Завид медленно начал поправляться, теперь он мог не только садиться на ложе, но и, опираясь на холопов, даже ходить «до ветра».
– Что там за люди на дворе? – беспокойно спросил он у Дарьи.
– Прости, что не сказалась. Юрьев погорел, вот приютили. Да ежели ты против, так прогоним, – не стала досказывать правду Дарья.
– Все так, помочь надобно, Богу то угодно, – пробормотал Завид, – на моем веку Новый Торг уж раз пять горел, и нам помогали. Святое дело – помочь. Мы добро, да, может, и Микулушке моему от того божья помощь будет. Так уж молюсь, чтобы дитя свое успел на руках подержать.
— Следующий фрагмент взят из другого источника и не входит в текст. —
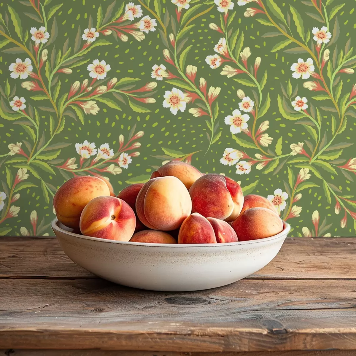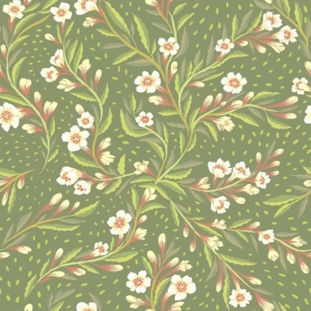 Fotobehang Veegende takken met crèmekleurige bloemen op een olijfgroene achtergrond N° a00850

Дарья виновато потупила взор, она и сама на то надеялась.
Утром мучила тошнота, днем кружили заботы, а ночами донимали тревожные сны: снилась веселая Солоша, наряжающаяся на Святки – крутится пред медным зерцалом, заливисто смеется, как умеет только она, бежит со двора, манит за собой и Дарену, Дарье не хочется, но все ж идет, не может обидеть. Волочатся следом плетеные салазки. Вот и горка, уходит извилистой лентой далеко-далеко вдоль улицы. В голове теснятся приятные воспоминания: «Сейчас сяду и уеду в объятья Микулы. Поймает меня и увезет прочь». Ветер начинает свистеть в ушах, но горка превращается в скользкий склон градского вала, и летит Дарья в эту жуткую пропасть, из которой уж не вернуться. Вскрик… пробуждение, и так каждую ночь, выматывая и не давая отдыха.
Первое утро не пришла дурнота. Дарья взбодрилась, радостная заспешила в людскую, похвастаться Усте.
– Уходить, уходить надобно. Поехали со мной, тянуть уж нельзя, – это, размахивая руками, запальчиво говорил Терентий, стоя к двери спиной.
Устя сидела в уголке и ничего не отвечала, лишь, опустив голову, перебирала крупу.
Дарья вошла неслышно, собиралась окликнуть, но замерла, напряженно глядя на тощую спину дьяка.
– Сбыслав Гордеич польщен, что я самому князю гороховецкому прислуживал, сразу согласился на службу взять. Они завтра поутру отъезжают, и нам надобно. Устька, сколько дуться-то можно, ну ошибся один раз, так ведь раскаялся, никто мне не надобен, кроме тебя, и матушка не против. А этот ушкуйник лишь потешится с тобой, да в жены не позовет. Нешто звал? То-то же. А я зову, доедем до Новгорода, повенчаемся.
Дарья тихо развернулась, чтобы своим присутствием не давить на Устю – пусть сама решает. Коли сразу не прогнала, а сидит да слушает, значит не все перегорело. И Ратшу ведь не подпускает, бегает от красавчика, как он не старается.
Нога уже ступила на порог, чтобы отступить в тень подклети, но тут Терентий произнес:
– Из-за нее остаться хочешь? Так она губит всех, кто рядом. Ей сотник сказывал – дальше бежим, а она уперлась, деда ей дряхлого жаль, а нас нет. Тебя вот не жаль, княжича малого, что жизни еще и не видывал не жаль! Ежели б не ее упрямство, так давно б на Вятке в тепле да сытости сидели. Проклятая она, в грехе зачатое может ли добрым быть? Где ее супружник, а племянник, мачеха? Все сгинули.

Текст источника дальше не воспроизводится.